In .NET I’d do this with attributes. Now, AS3 doesn’t support attributes like we need, so we’ll have to fake it. Given that we already have a fake enum constant, which is really an object underneath, we can attach whatever we like to it!

Take a look at the sample enum.

[as3]
package
{
public final class NetError extends Enum
{
{ initEnum(NetError); } // static ctor

// Constants.

public static const None :NetError = new NetError(false, "no error");
public static const CantConnect :NetError = new NetError(false, "can’t connect to the server, must be down?");
public static const VersionMismatch :NetError = new NetError(true, "protocol versions different");
public static const Unknown :NetError = new NetError(true, "unexpected error type");

// Constant attributes.

public function get IsFatal() :Boolean { return _isFatal; }
public function get Description() :String { return _description; }

// Constant query.

public static function GetConstants() :Array
{ return Enum.GetConstants(NetError); }
public static function ParseConstant(i_constantName :String, i_caseSensitive :Boolean = false) :NetError
{ return NetError(Enum.ParseConstant(NetError, i_constantName, i_caseSensitive)); }

// Private.

/*private*/ function NetError(i_isFatal :Boolean, i_description :String)
{ _isFatal = i_isFatal; _description = i_description; }
private var _isFatal :Boolean;
private var _description :String;
}
}
[/as3]

Given a constant, perhaps returned from a function as an error code, or thrown as part of an exception, we can ask it for its friendlier name by accessing its Description member.
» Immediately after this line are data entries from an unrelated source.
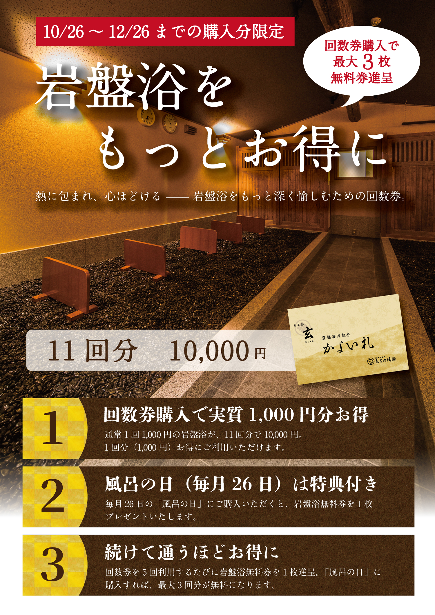 ■キャンペーン期間 2025年10月26日(日)~12月26日(金) ■対象 たまの湯会員 ■キャンペーン内容 期間中に岩盤浴回数券を購入されたお客様に、スタンプ5回ごとに「岩盤浴無料券」1枚をプレゼントいたします。 さらに、風呂の日(毎月26日)にご購入いただくと特典が重なり、最大で3枚の岩盤浴無料券を受け取ることができます。 |
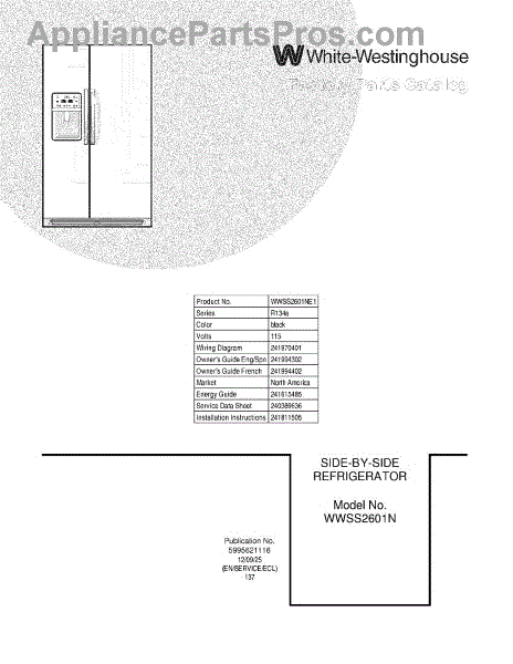Parts for Frigidaire WWSS2601NE1: 01 - Cover Parts
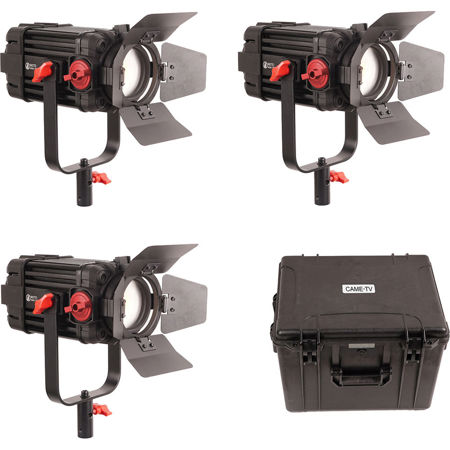 The video light includes an adjustable Fresnel lens to help focus the light and provide a longer throw. When used without the lens, the light becomes a wider flood and the included barn doors help to control the spill. This versatility allows you to go from a tight spot to a wide flood all in one continuous light. Built specifically to be used on set the light features a housing that is designed to dissipate the heat during continuous use.
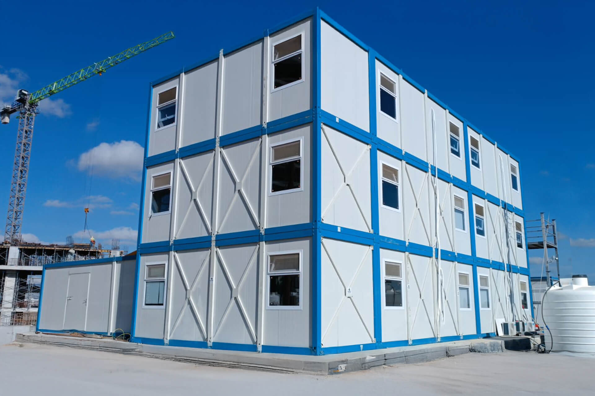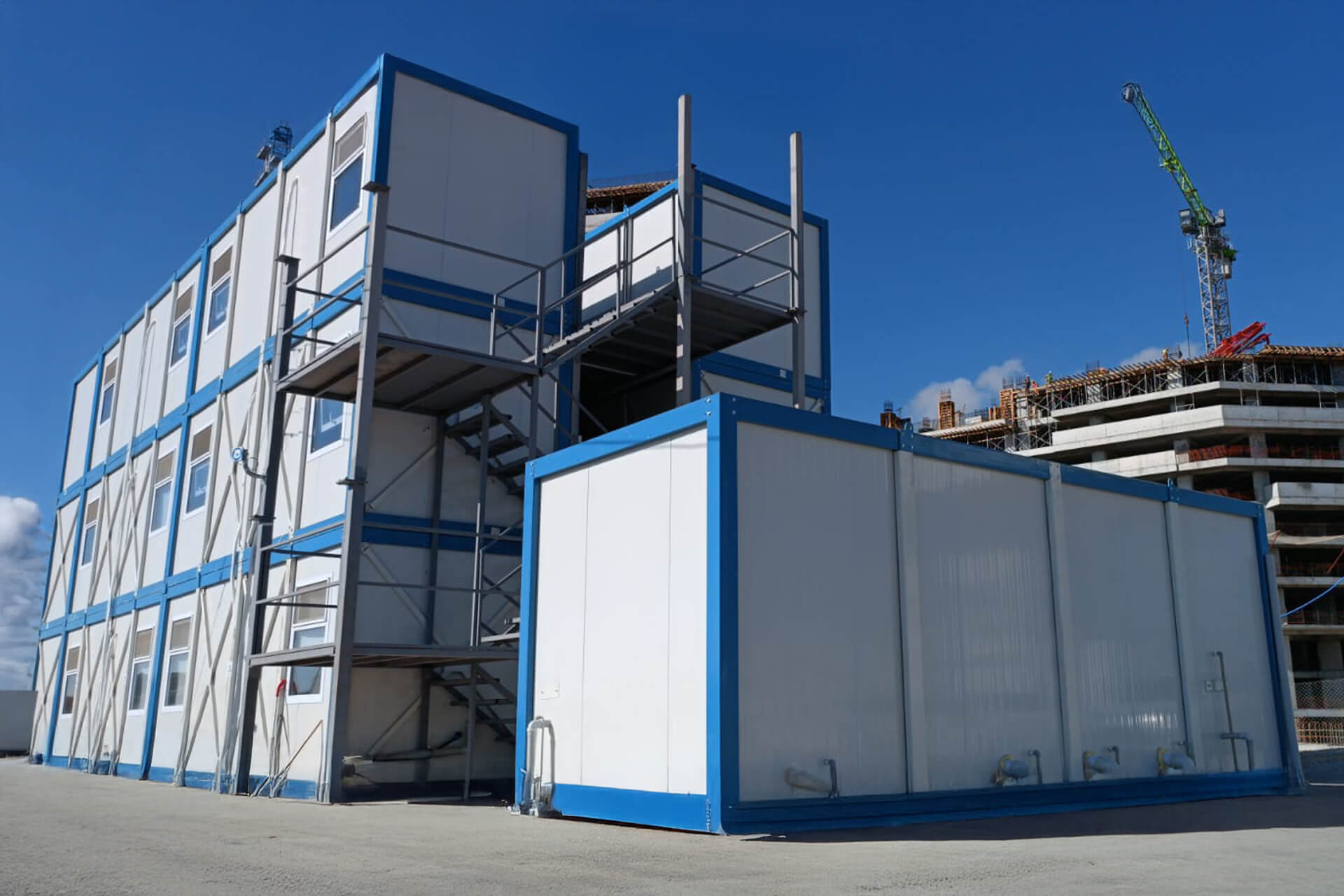 Gazi Mağusa Projesi Konteyner Yapılar ve İşçi Yatakhaneleri: İşçilerin ofis ve yatakhane alanları konteyner sistemleriyle inşa edilmiştir. Bu sistem, hızlı kurulum, taşınabilirlik ve dayanıklılık gibi önemli avantajlar sunarken, projedeki her türlü talebe uyum sağlayabilecek esneklik ve modülerlik sağlamaktadır. Konteyner modülleri, farklı yapı gereksinimlerine göre tasarlanabildiği gibi iki katlı veya üç katlı olarak yapılandırılabilir. Bu sistem, projelerdeki konaklama ihtiyacını hızla karşılayarak esnek bir çözüm sunmaktadır. Konteyner sistemleri, özellikle saha projelerinde yer kısıtlamaları olduğu durumlarda hızlı çözümler sunmaktadır.
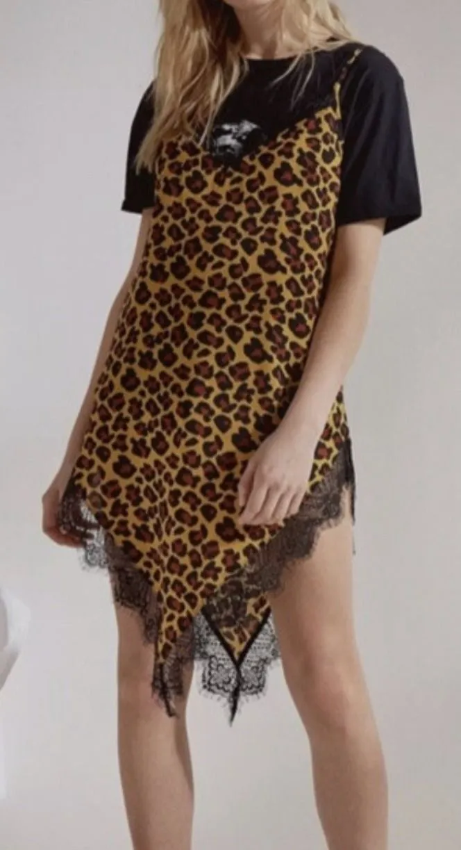 Keywords: Out From Under, Urban Outfitters, Leopard Print Dress, Mini Slip Dress, Lace Trim Dress, Animal Print, Womens Dress, Casual Dress, Party Dress, Spaghetti Strap Dress, Summer Dress, XS Dress, Yellow Dress, Black Lace
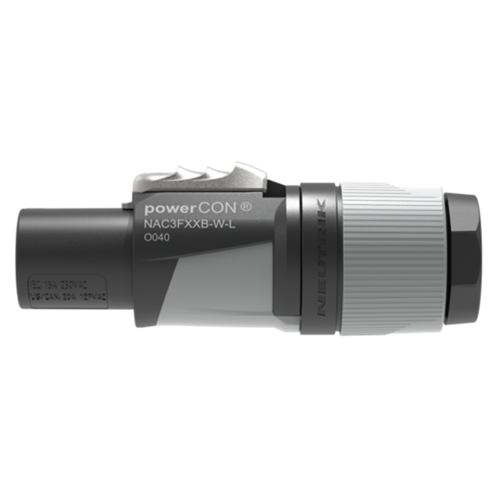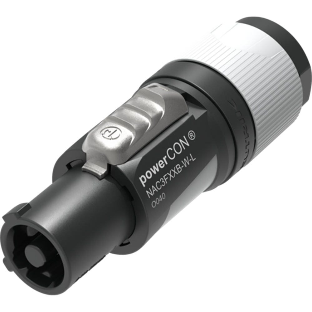 The powerCON FXXA/FXXB is a single phase (3 conductor) lockable power connector with Circuit Breaking Capability when mated with powerCON XX Series receptacles.

Also in this class note the helper functions GetConstants and ParseConstant that wrap the Enum class versions, automatically passing in the local type. This isn’t necessary, but is a nice convenience. It is a bit more code to copy-paste around when adding new enums, though. If only AS3 supported templates, we could have a TEnum base that does all this for us. Ah well.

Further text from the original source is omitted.